Segment Start: Input data

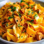 Plate the warm creamy pasta and chicken, then sprinkle fresh chopped parsley over the top. The parsley not only adds a vibrant green pop but also gives a fresh contrast to the buttery richness, making each bite even more enjoyable.
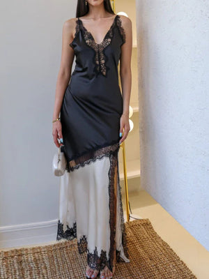 Lace Trimmed Two-Tone Slip Dress
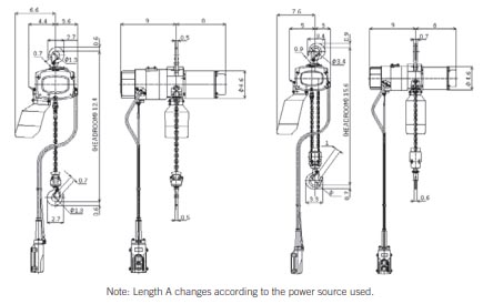 - Compact design with low headroom, net weight of the hoists range from 32 lbs. with a standard 10 lift
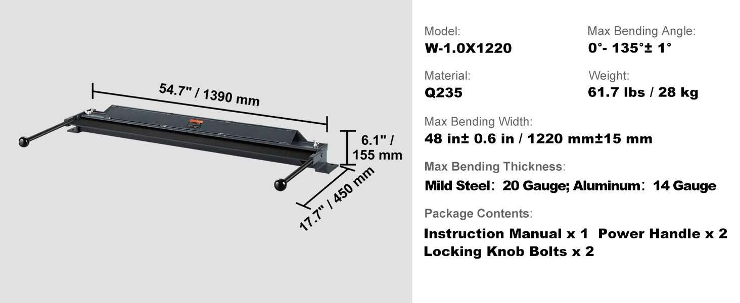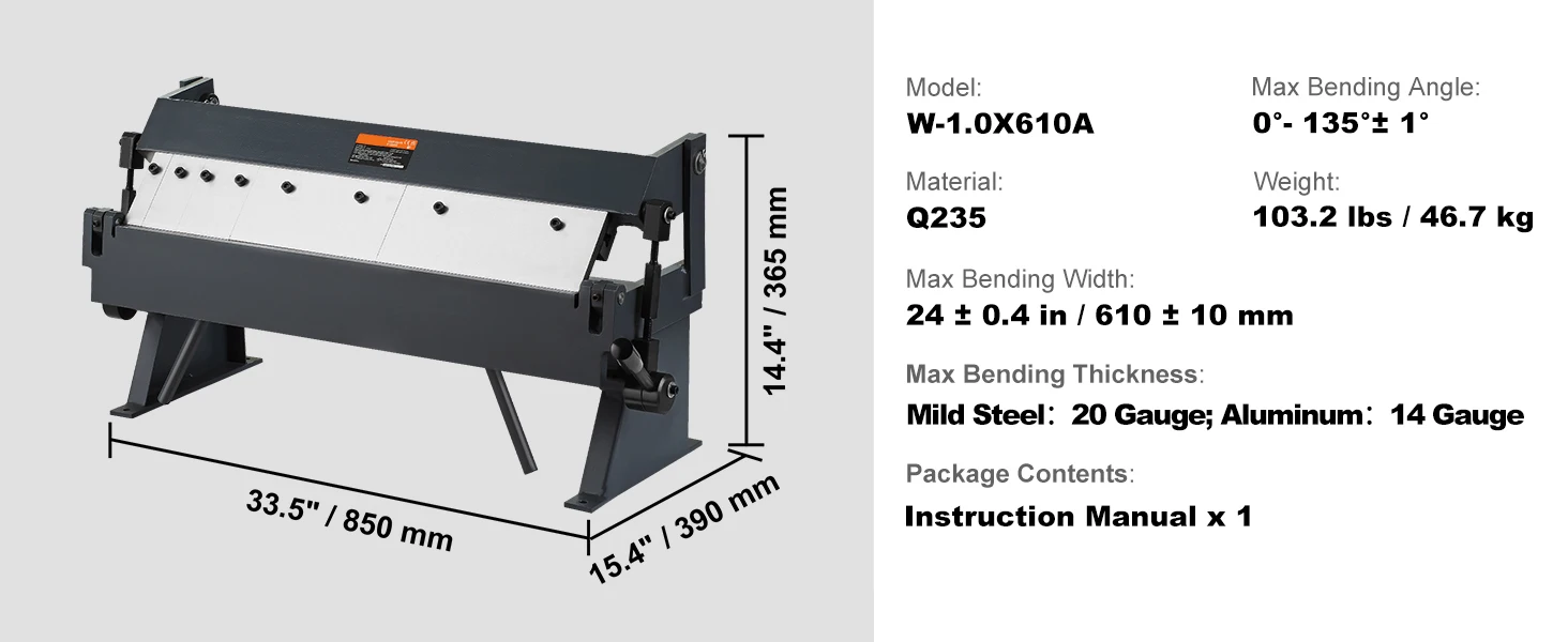 Max Bending Width: 610 ± 10 mm / 24 ± 0.4 inches, Weight: 46.7 kg / 103.2 lbs, Dimensions (L x W x H): 850 x 390 x 365 mm / 33.5 x 15.4 x 14.4 in, Maximum Bending Angle: 135° ± 1° / 0° - 135°, Material: Q235, Max Bending Thickness: 20 Gauge Low Carbon Steel; 14 Gauge Aluminum, Item Model Number: W-1.0X610A

Segment End: Input data

#### Assignment
The material must be restated verbatim. Its pictures must be omitted.

#### Result
 Plate the warm creamy pasta and chicken, then sprinkle fresh chopped parsley over the top. The parsley not only adds a vibrant green pop but also gives a fresh contrast to the buttery richness, making each bite even more enjoyable.
 Lace Trimmed Two-Tone Slip Dress
 - Compact design with low headroom, net weight of the hoists range from 32 lbs. with a standard 10 lift
 Max Bending Width: 610 ± 10 mm / 24 ± 0.4 inches, Weight: 46.7 kg / 103.2 lbs, Dimensions (L x W x H): 850 x 390 x 365 mm / 33.5 x 15.4 x 14.4 in, Maximum Bending Angle: 135° ± 1° / 0° - 135°, Material: Q235, Max Bending Thickness: 20 Gauge Low Carbon Steel; 14 Gauge Aluminum, Item Model Number: W-1.0X610A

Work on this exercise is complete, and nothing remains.